By Zubair Qureshi
Published Date: Nov 22, 2016
Speakers call for ‘trans-boundary’ solution to impending climate threat
Islamabad—Millions of people in entire South Asia are facing huge devastation resulting by climate change. The nature of challenges and threats of disasters induced by climate change demanded transboundary solutions and hence, it is imperative for all the governments in South Asia to enhance cooperation and collaboration at SAARC level to evolve mechanisms to protect the lives and agriculture across the South Asian Region.
The panel of experts on climate change, water governance and inequalities expressed these views during the seminar ‘SAARC-Challenges and Opportunities in Changing Regional Dynamics’ held by Sustainable Agriculture Action Group (SAAG) in collaboration with Sustainable Development Policy Institute (SDPI), Heinrich BöllStiftung Pakistan (HBS), Sungi Foundation, Roots for Equity, LokSanjh and ActionAid Pakistan here on Monday.
Sanjay Vashist, Director Climate Action Network (CAN) South Asia shared his views with the audience on the Impacts of climate change in South Asia including shrinking crossborder resources. He saidthat the South Asian governments lacked capacity to respond to these challenges while working in isolation. Therefore, they must join hand to find solutions for the vulnerable communities across South Asia.
“The climate financing at global level was shrinking and thus it was high time for the South Asian governments to mobilize their own resources”, Sanjay said. The nature of the disasters in South Asian countries including floods and draughts existed in across the region and thus it could be responded by collaborated mechanisms.
Dr.

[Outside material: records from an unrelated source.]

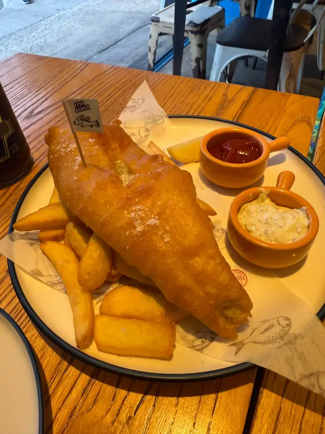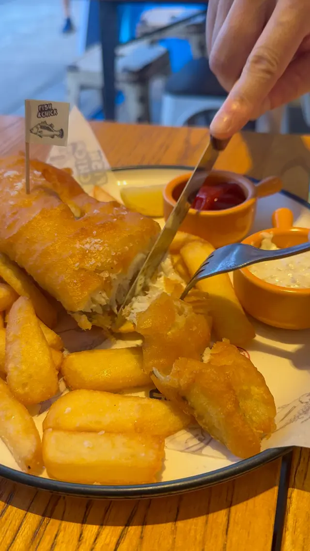 海鱸魚肉質滑嫩,炸魚外脆內嫩,魚肉鮮甜,薯條金黃香脆,搭埋一齊食又吹住海風,還可以加埋檸檬汁,味道更加清新。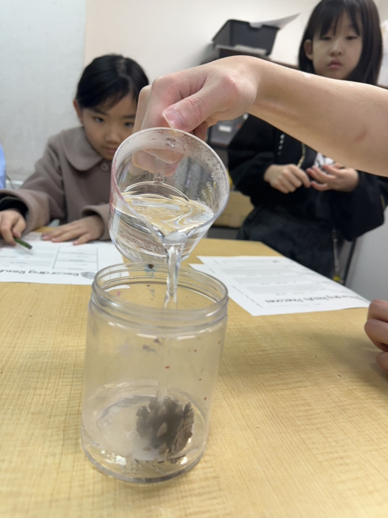 We did a little experiment on the pine cone showing how it behaved on different water temperatures.
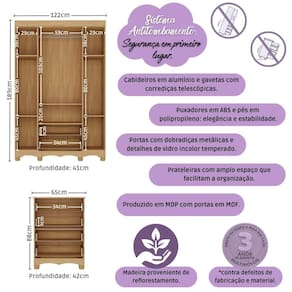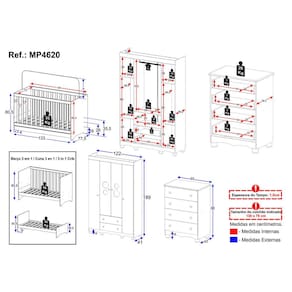 Dimensões do Produto Montado: Berço - Altura: 80,5cm | Largura: 133cm | Profundidade: 77,5cm Guarda-roupa - Altura: 189cm | Largura: 122cm | Profundidade: 41cm Cômoda - Altura: 88cm | Largura: 65cm | Profundidade: 42cm *Você pode consultar as medidas detalhadas na imagem técnica do produto.

Imran Khalid of SDPI presented details of water related complexities in relations to climate change and said that we need transborder climate change adaptation strategy. He suggested that besides redressing implementation gaps, track two discussions round crucial water issues of the region must be initiated. AftabAlam Khan of Actionaid Pakistan highlighted the level of inequalities linked with the impacts of climate change. He said that small farmers and other weaker segments of society have to face most of the adverse impacts of climate change. He demanded that SAARC countries should incorporate the voices of these vulnerable communities in its discussions at highest level.